• EXTRACTED ENTRIES:
══════

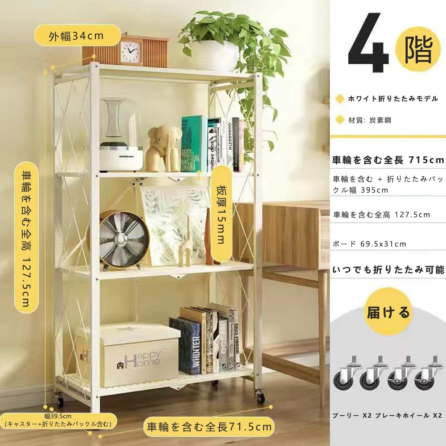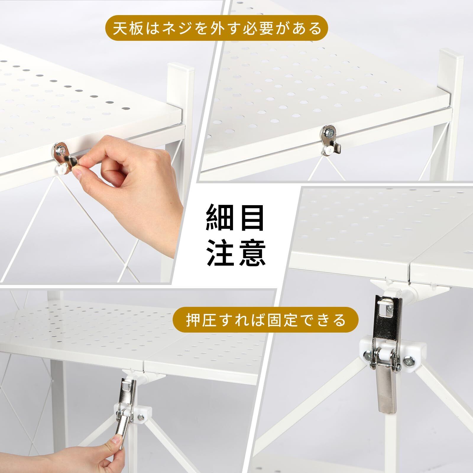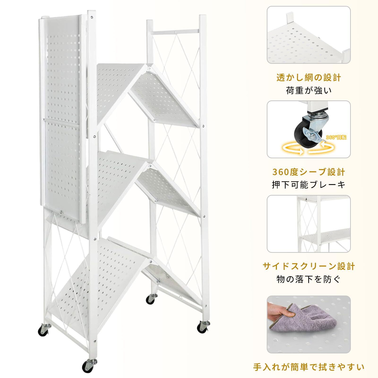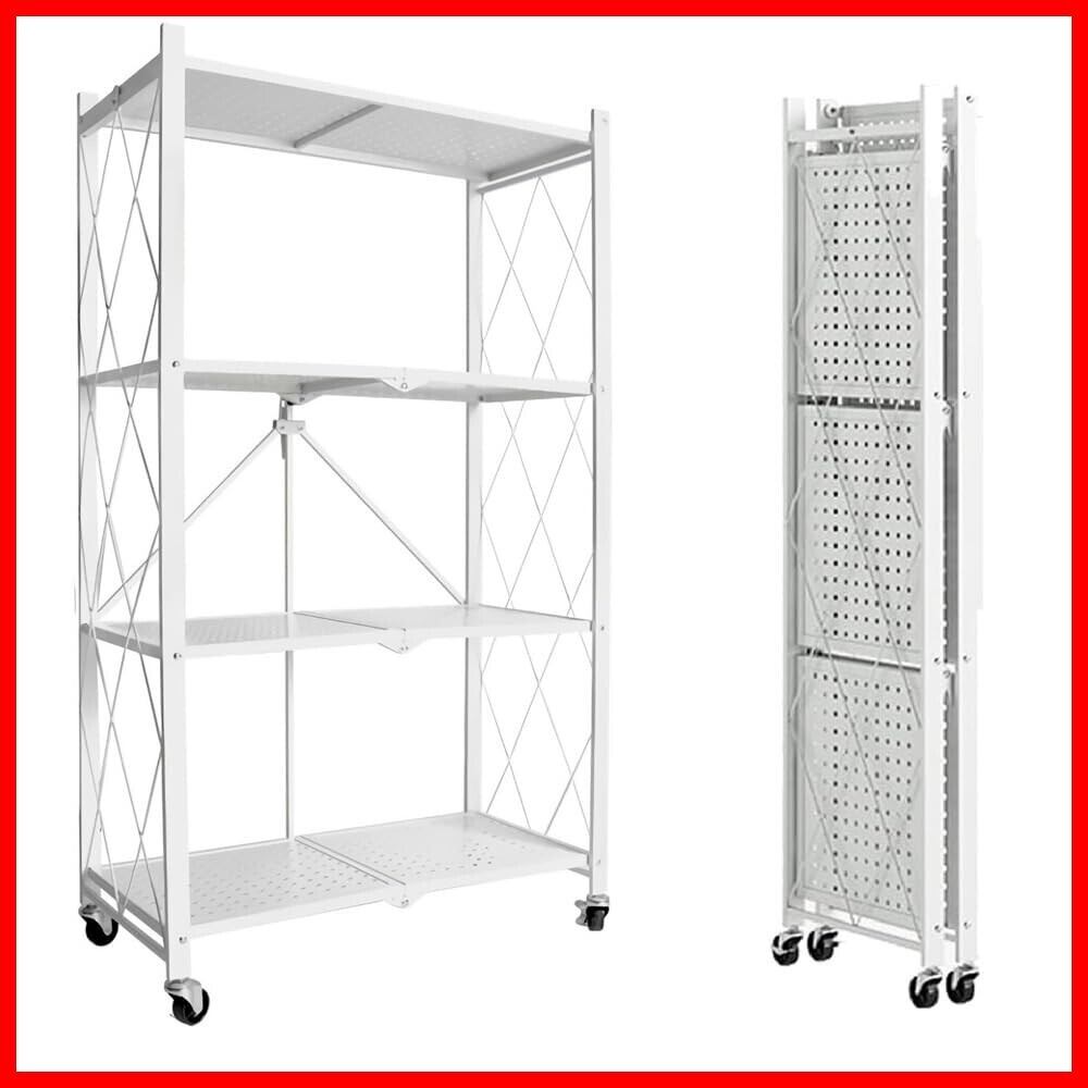 seacall 折りたたみラック 折り畳み メタルラック 4層 大容量 幅70CM 金属製の収納ラック 折り畳み棚 360°キャスター付きで移動可能 ック設置不要 家庭用収納ラック 折りたたみ リビングルーム キッチン 寝室 書斎などに (白, 四階) | hananoki
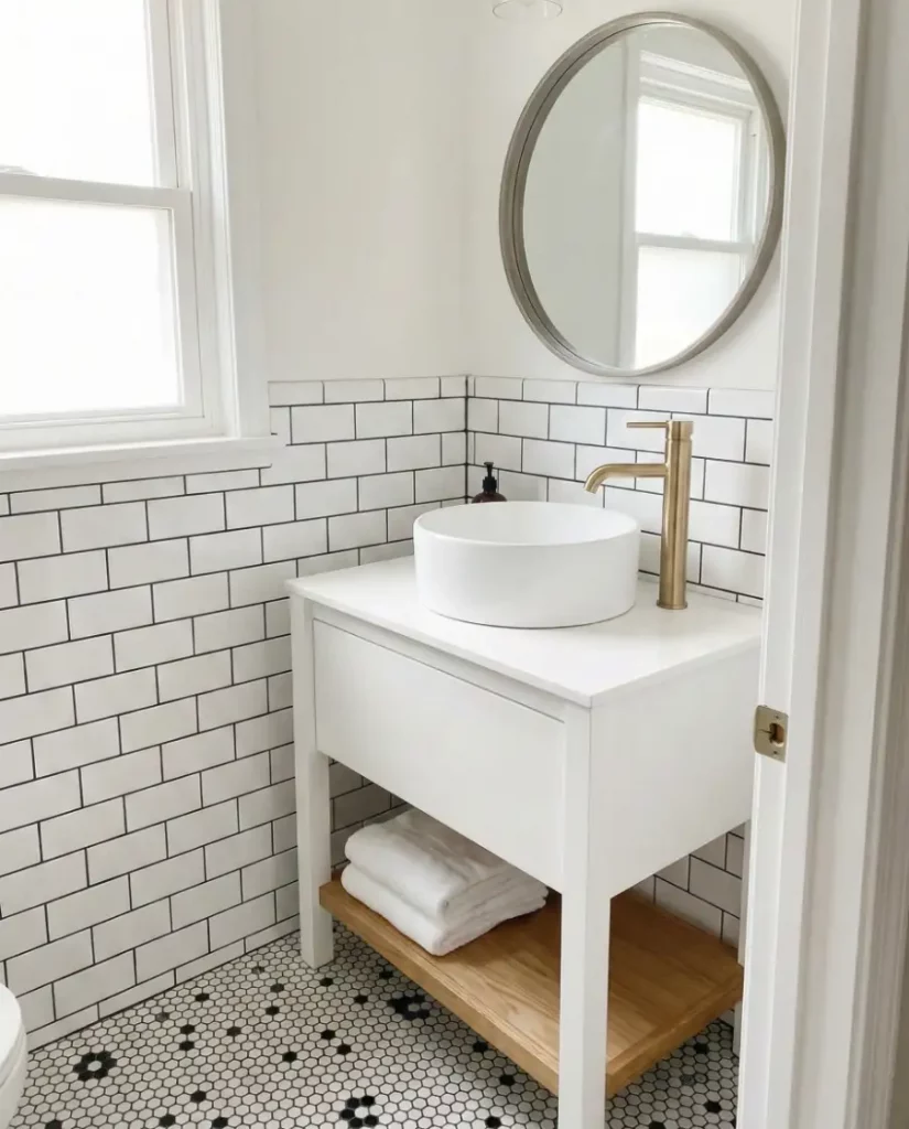 Bold tile patterns bring instant personality using a classic black and white palette. This graphic look works especially well in tiny bathrooms where visual interest replaces square footage. The contrast keeps the space sharp, structured, and undeniably modern.
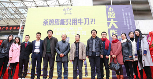本次毕业展以“小题大作”为主题,与“杀鸡焉能只用牛刀”这一口号相契合。开幕式上,党委书记周光明表示如今广告是“朝阳产业”,社会需要它,广告人应从小我上升到民族国家、人类社会,努力创新的层次,为人民谋福利。广告系主任周平教授则阐释道:“生活中的每一件小事都是我们必不可少的大事,要以小预大,以大示小”。周教授还现场泼墨挥毫,书写此次毕业展主题“小题大作”四个大字。由此,毕业展正式拉开帷幕。
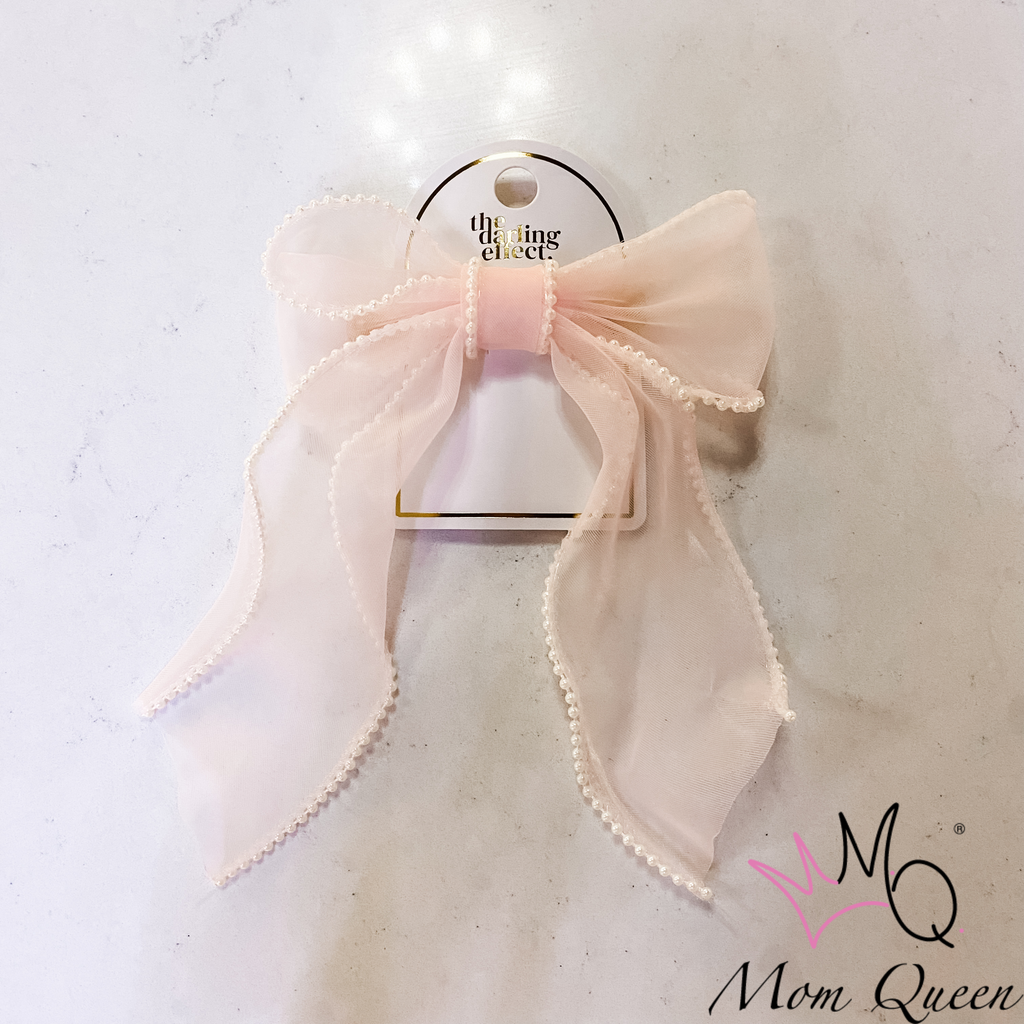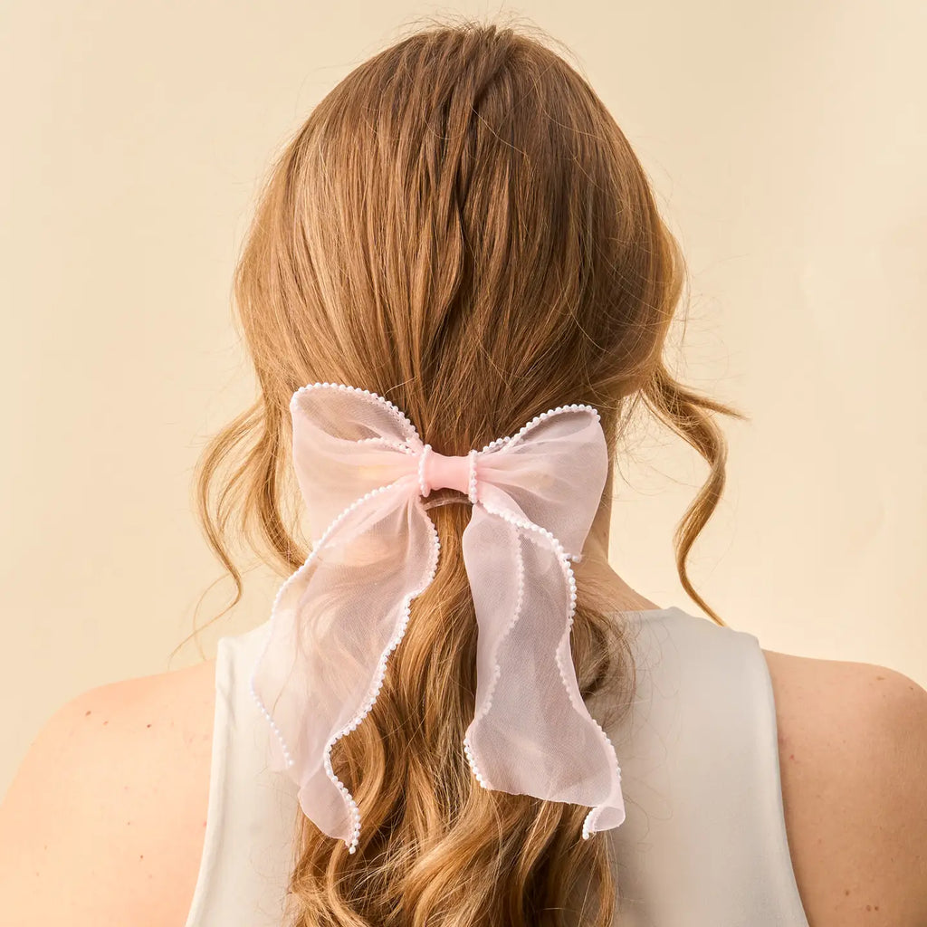 Add a touch of elegance to any look with our Sheer Pearl Hair Bow! Crafted from silky sheer fabric, this chic bow is lined with little pearls for a polished, sophisticated finish. The gold barrette clip closure ensures a secure and comfortable all-day hold, so you can wear it with confidence. Stylish and versatile for any occasion Soft, high-quality fabric with a chic, polished look Secure, comfortable all-day hold Gold barrette clip closure Dims: 7”L x 5”W x 1”H
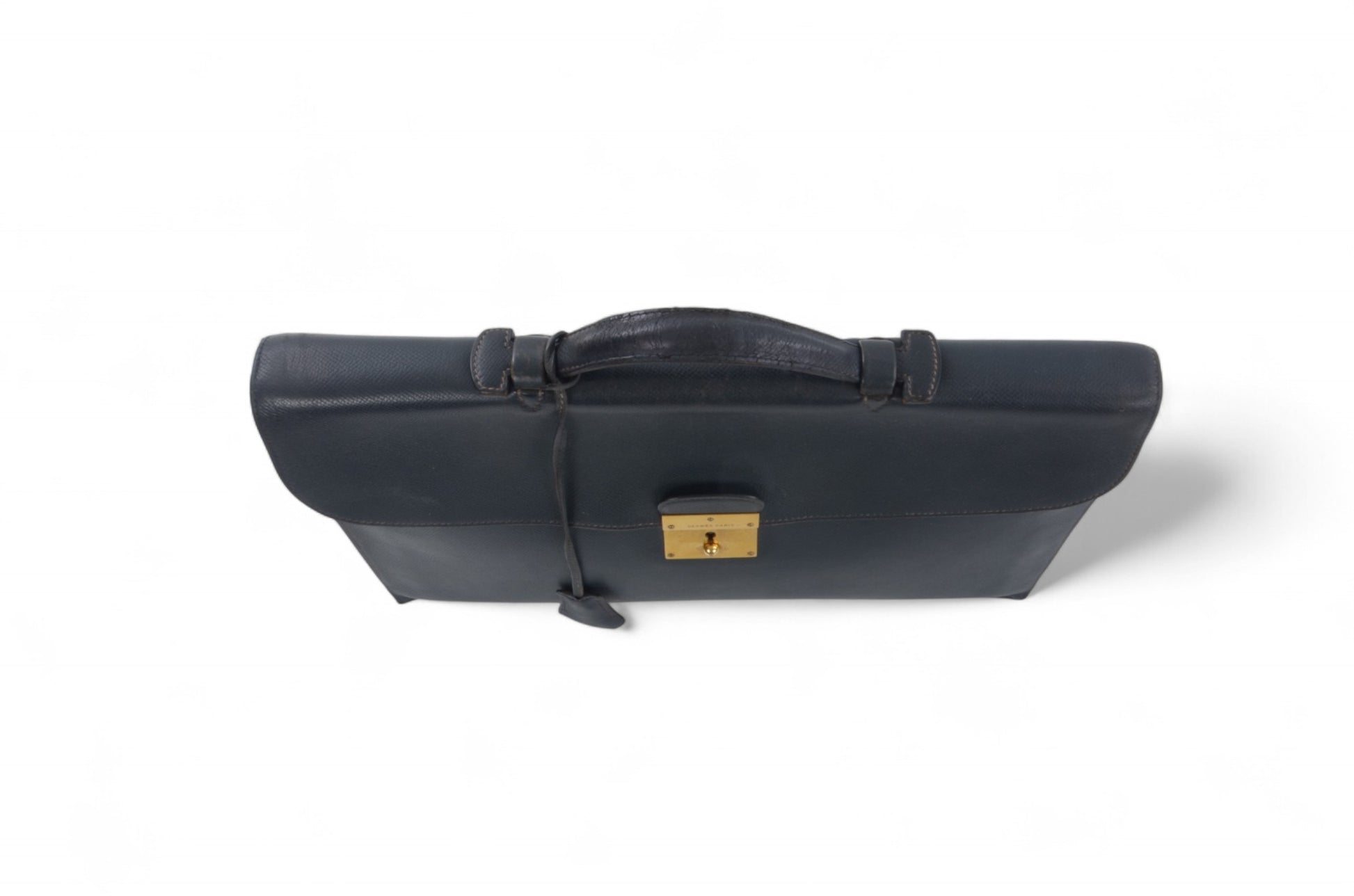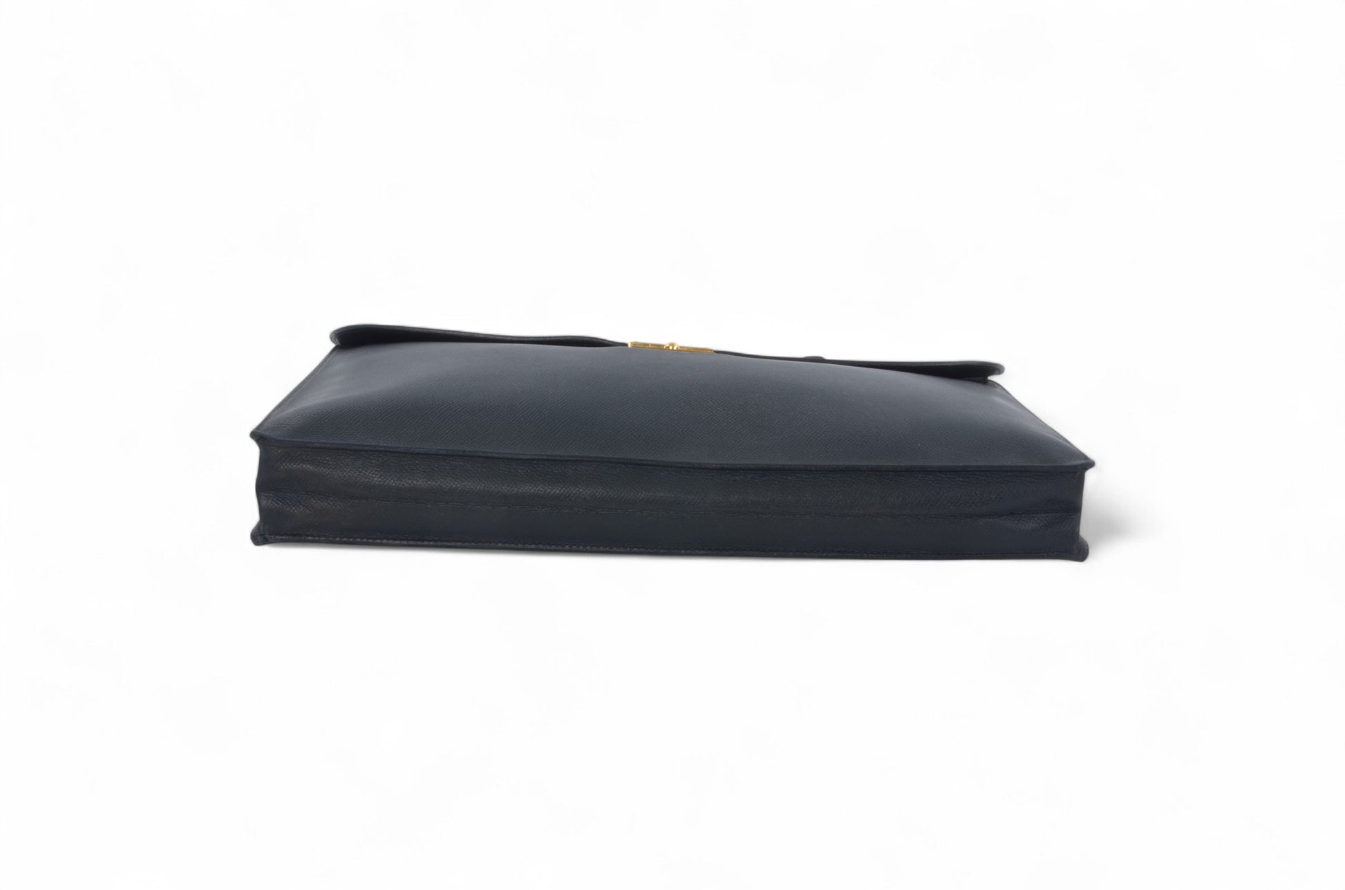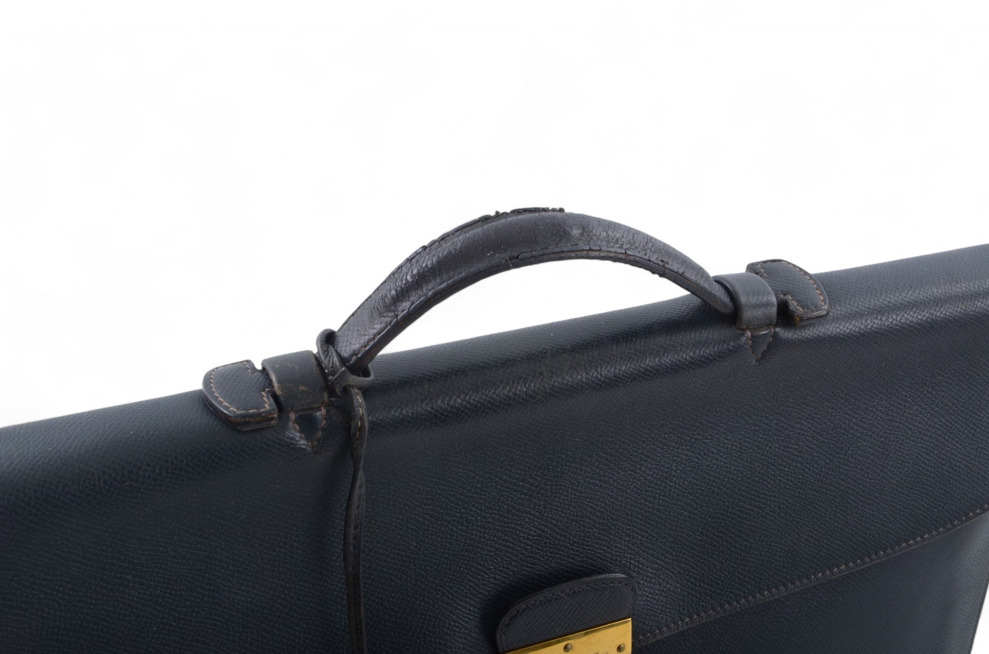 Hermès Kirius Business Document Bag Handbag Couchvel Leather Briefcase Navy Blue Gold Hardware

══════

Give back the lines from the one containing "Bold tile patterns" through the last line of the records above exactly as they appear, both included, and no pictures.

 Bold tile patterns bring instant personality using a classic black and white palette. This graphic look works especially well in tiny bathrooms where visual interest replaces square footage. The contrast keeps the space sharp, structured, and undeniably modern.
本次毕业展以“小题大作”为主题,与“杀鸡焉能只用牛刀”这一口号相契合。开幕式上,党委书记周光明表示如今广告是“朝阳产业”,社会需要它,广告人应从小我上升到民族国家、人类社会,努力创新的层次,为人民谋福利。广告系主任周平教授则阐释道:“生活中的每一件小事都是我们必不可少的大事,要以小预大,以大示小”。周教授还现场泼墨挥毫,书写此次毕业展主题“小题大作”四个大字。由此,毕业展正式拉开帷幕。
 Add a touch of elegance to any look with our Sheer Pearl Hair Bow! Crafted from silky sheer fabric, this chic bow is lined with little pearls for a polished, sophisticated finish. The gold barrette clip closure ensures a secure and comfortable all-day hold, so you can wear it with confidence. Stylish and versatile for any occasion Soft, high-quality fabric with a chic, polished look Secure, comfortable all-day hold Gold barrette clip closure Dims: 7”L x 5”W x 1”H
 Hermès Kirius Business Document Bag Handbag Couchvel Leather Briefcase Navy Blue Gold Hardware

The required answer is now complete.